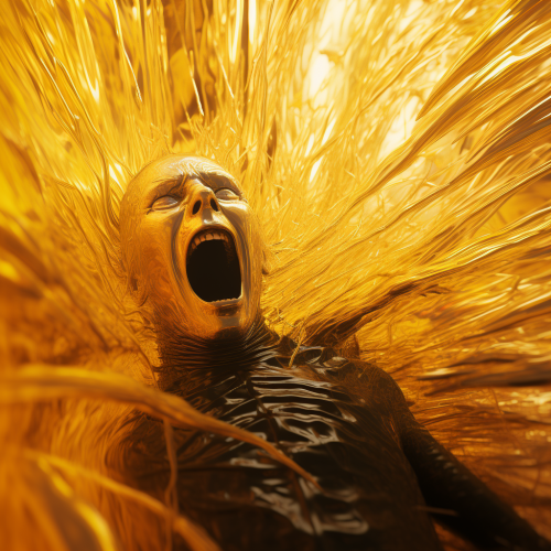 A parody of Edvard Munch’s painting The Scream but replacing the man with Krusty the Clown from the Simpsons. --v 6.0
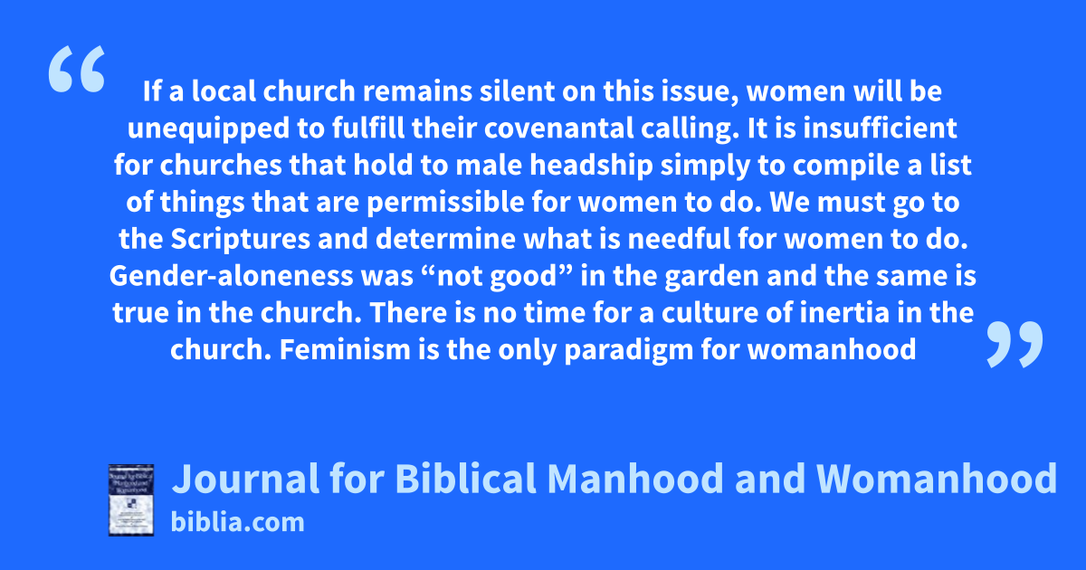 If a local church remains silent on this issue, women will be unequipped to fulfill their covenantal calling. It is insufficient for churches that hold to male headship simply to compile a list of things that are permissible for women to do. We must go to the Scriptures and determine what is needful for women to do. Gender-aloneness was “not good” in the garden and the same is true in the church. There is no time for a culture of inertia in the church. Feminism is the only paradigm for womanhood
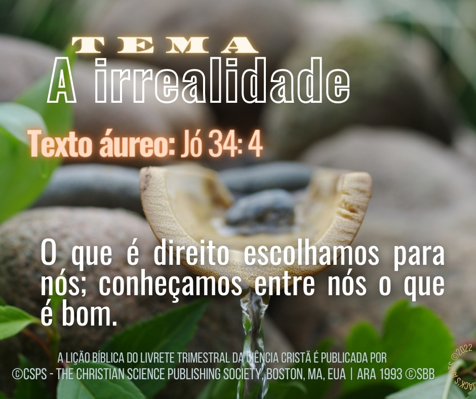 Para acessar facilidades colaborativas ao estudo individual da Lição Bíblica, no tema: “A IRREALIDADE“, dentre elas uma pesquisa de artigo dO Arauto, pertinente ao tema semanal, realizada por esse praticista, pertinentes ao novo tema e seu desdobramentos, clique no botão, Oásis de espiritualidade:
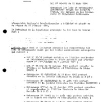 - Loi N°84-005 du 15 mars 1984 abrogeant les lois et ordonnances antérieurs créant des sociétés d’Etat, des offices ou des commissions et organismes nationaux
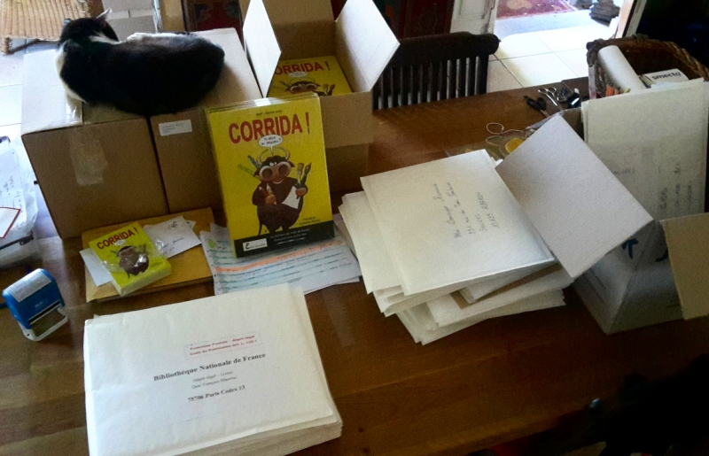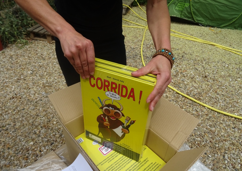 Il va encore falloir patienter un poil : Stef est en plein boulot de dédicace 🙂 Je suis tellement contente de le voir enfin ce bébé ! Quelle grossesse pénible ! Au final, en terme de boulot, ce livre m’aura pris une demi année facile, coûté le double financièrement, son poids étant plus élevé que celui de la première version, il faut 1,46 € de frais de port en plus, il m’aura coûté quelques cheveux blancs aussi et une belle crise d’arthrose, mais là, le résultat est à la hauteur de mes espérances. Bon maintenant, il faut les vendre !
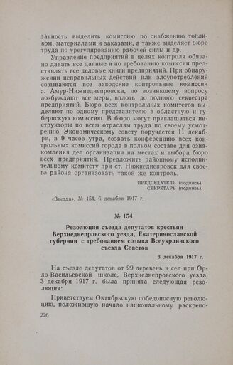 Резолюция съезда депутатов крестьян Верхнеднепровского уезда, Екатеринославской губернии с требованием созыва Всеукраинского съезда Советов. 3 декабря 1917 г. // «Звезда», № 156, 9 декабря 1917 г.
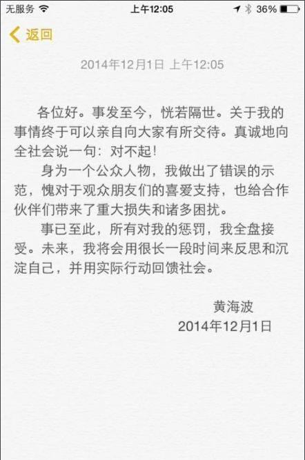 隨後在2014年12月1日,黃海波寫信向公眾致歉,隨後便逐漸淡出公眾視線。
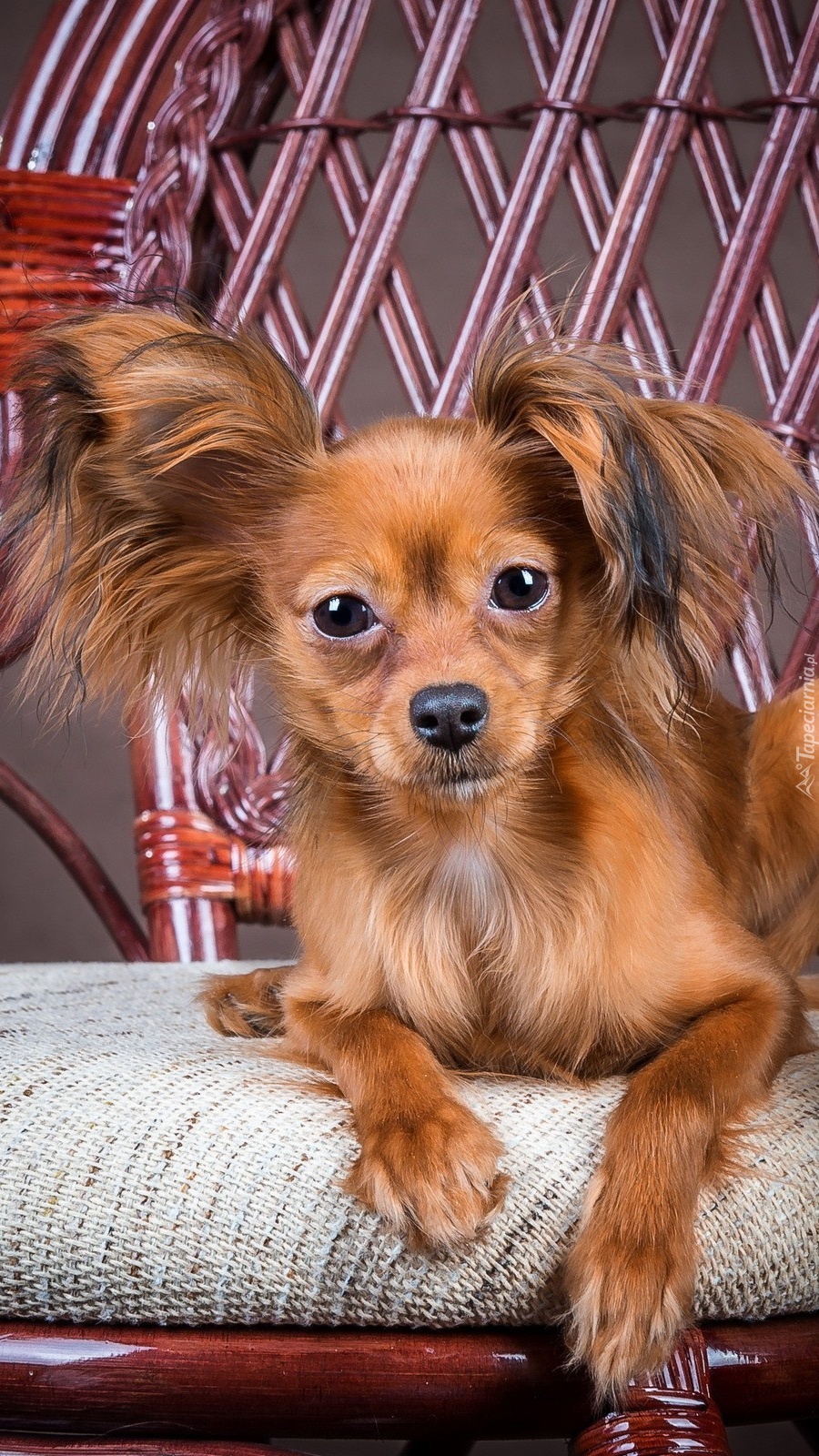 Edytor tapety: Papillon leży na krześle
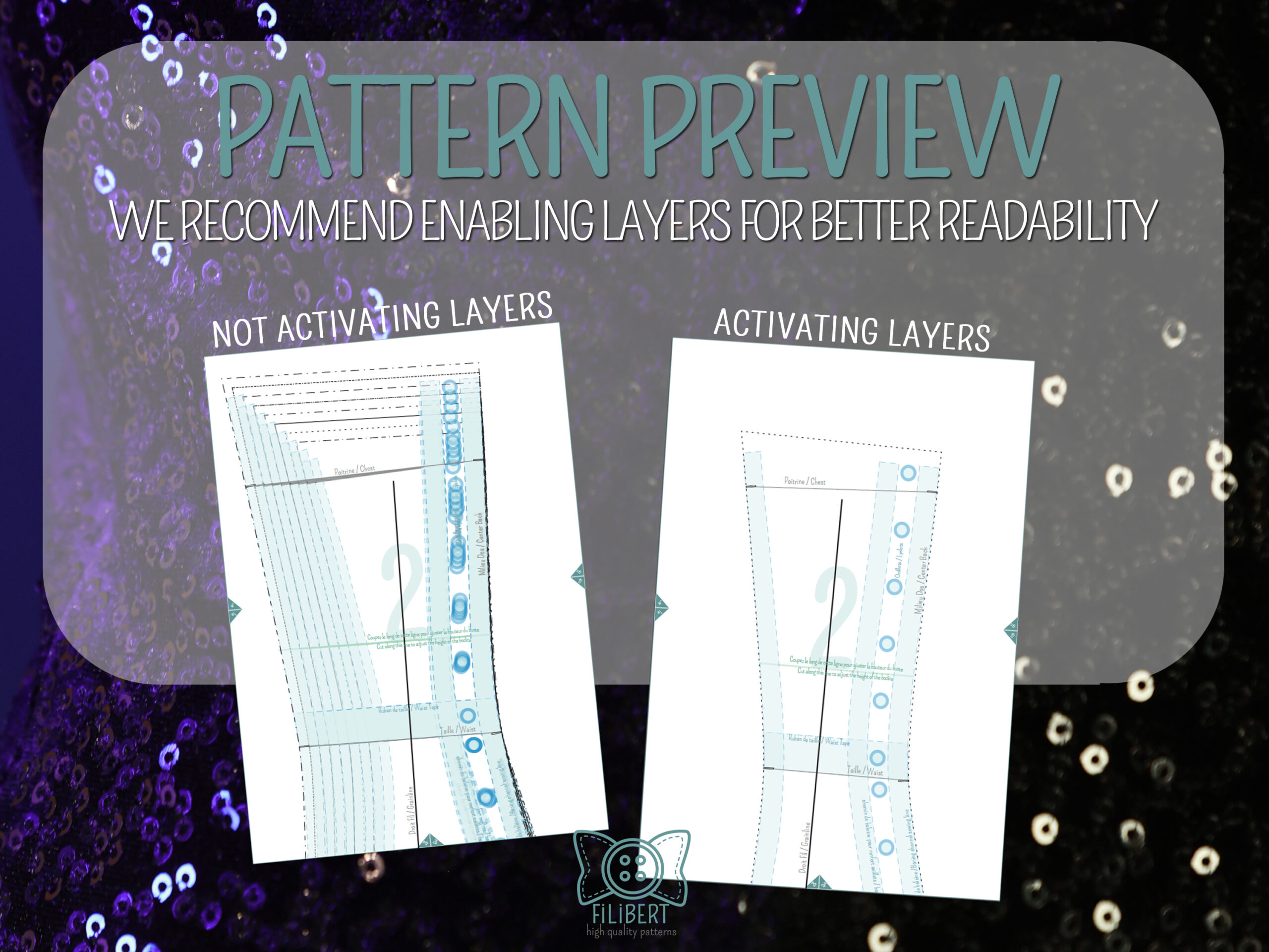 👉 We strongly recommend using layers to make the pattern easier to read before printing. Here are a few free programs that support PDF layers :
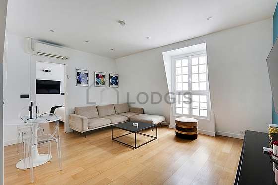 Este apartamento está formado por un salón con parquet en el suelo y ventanas y una vista a al patio. Este salón muy tanquilo está amueblado y equipado para que su estancia sea agradable : televisor, sábanas, edredones, mesa, mesita, mesa de estudio, biblioteca, estantería, cómoda, armario empotrado, 4 silla(s)1 sofá cama.
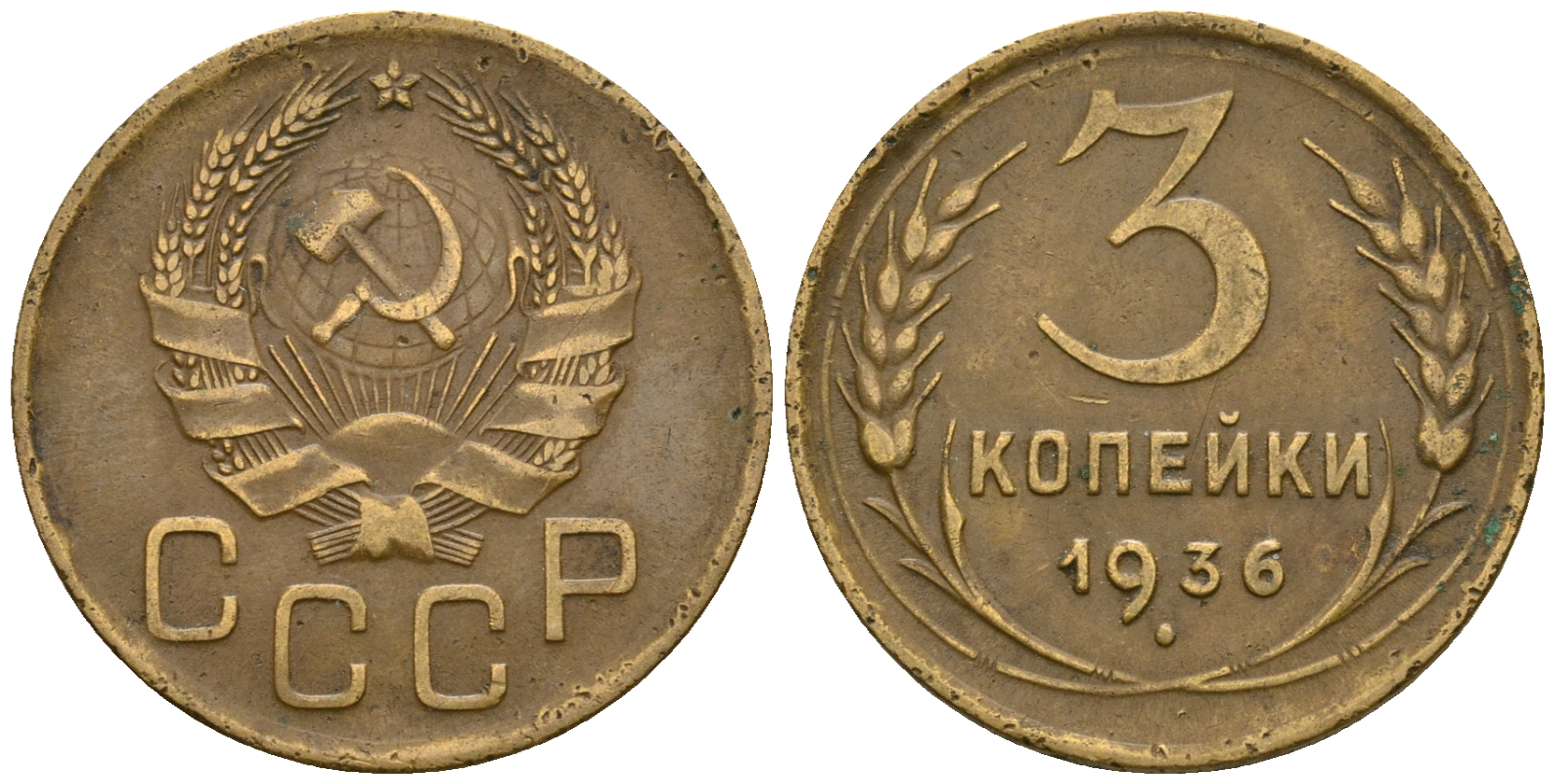 СССР 3 копейки 1936 KM 100, Федорин 42 алюминиевая бронза 4575-251
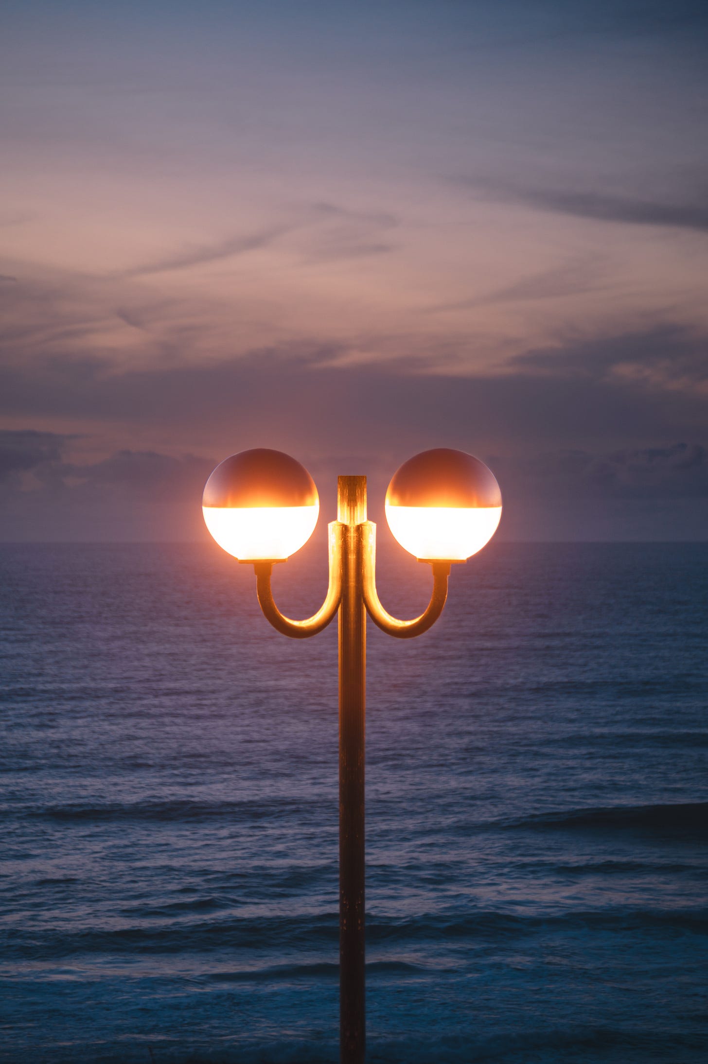 Street Lamp V. 4 (pictured above) exemplifies the vapor-wave aesthetics sometimes found in Márcia Simões photography. Through this photography, she captures the perfect timing of pre-dusk as the street lamps just turn on against the backdrop of a shoreline in the distance. We do not see the beach, indicating an elevated capturing. The ocean becomes illuminated by the pinkish and red tints in the atmosphere of the air and the setting of the sun and the street lamp perfectly summarized and compliments this frozen moment in time.
········
ABOUT THIS TASK: What's needed here is an exact repeat of all the records above, pictures excluded.

RESULT OF THIS TASK:
 A parody of Edvard Munch’s painting The Scream but replacing the man with Krusty the Clown from the Simpsons. --v 6.0
 If a local church remains silent on this issue, women will be unequipped to fulfill their covenantal calling. It is insufficient for churches that hold to male headship simply to compile a list of things that are permissible for women to do. We must go to the Scriptures and determine what is needful for women to do. Gender-aloneness was “not good” in the garden and the same is true in the church. There is no time for a culture of inertia in the church. Feminism is the only paradigm for womanhood
 Para acessar facilidades colaborativas ao estudo individual da Lição Bíblica, no tema: “A IRREALIDADE“, dentre elas uma pesquisa de artigo dO Arauto, pertinente ao tema semanal, realizada por esse praticista, pertinentes ao novo tema e seu desdobramentos, clique no botão, Oásis de espiritualidade:
 - Loi N°84-005 du 15 mars 1984 abrogeant les lois et ordonnances antérieurs créant des sociétés d’Etat, des offices ou des commissions et organismes nationaux
 Il va encore falloir patienter un poil : Stef est en plein boulot de dédicace 🙂 Je suis tellement contente de le voir enfin ce bébé ! Quelle grossesse pénible ! Au final, en terme de boulot, ce livre m’aura pris une demi année facile, coûté le double financièrement, son poids étant plus élevé que celui de la première version, il faut 1,46 € de frais de port en plus, il m’aura coûté quelques cheveux blancs aussi et une belle crise d’arthrose, mais là, le résultat est à la hauteur de mes espérances. Bon maintenant, il faut les vendre !
 Резолюция съезда депутатов крестьян Верхнеднепровского уезда, Екатеринославской губернии с требованием созыва Всеукраинского съезда Советов. 3 декабря 1917 г. // «Звезда», № 156, 9 декабря 1917 г.
 隨後在2014年12月1日,黃海波寫信向公眾致歉,隨後便逐漸淡出公眾視線。
 Edytor tapety: Papillon leży na krześle
 👉 We strongly recommend using layers to make the pattern easier to read before printing. Here are a few free programs that support PDF layers :
 Este apartamento está formado por un salón con parquet en el suelo y ventanas y una vista a al patio. Este salón muy tanquilo está amueblado y equipado para que su estancia sea agradable : televisor, sábanas, edredones, mesa, mesita, mesa de estudio, biblioteca, estantería, cómoda, armario empotrado, 4 silla(s)1 sofá cama.
 СССР 3 копейки 1936 KM 100, Федорин 42 алюминиевая бронза 4575-251
 Street Lamp V. 4 (pictured above) exemplifies the vapor-wave aesthetics sometimes found in Márcia Simões photography. Through this photography, she captures the perfect timing of pre-dusk as the street lamps just turn on against the backdrop of a shoreline in the distance. We do not see the beach, indicating an elevated capturing. The ocean becomes illuminated by the pinkish and red tints in the atmosphere of the air and the setting of the sun and the street lamp perfectly summarized and compliments this frozen moment in time.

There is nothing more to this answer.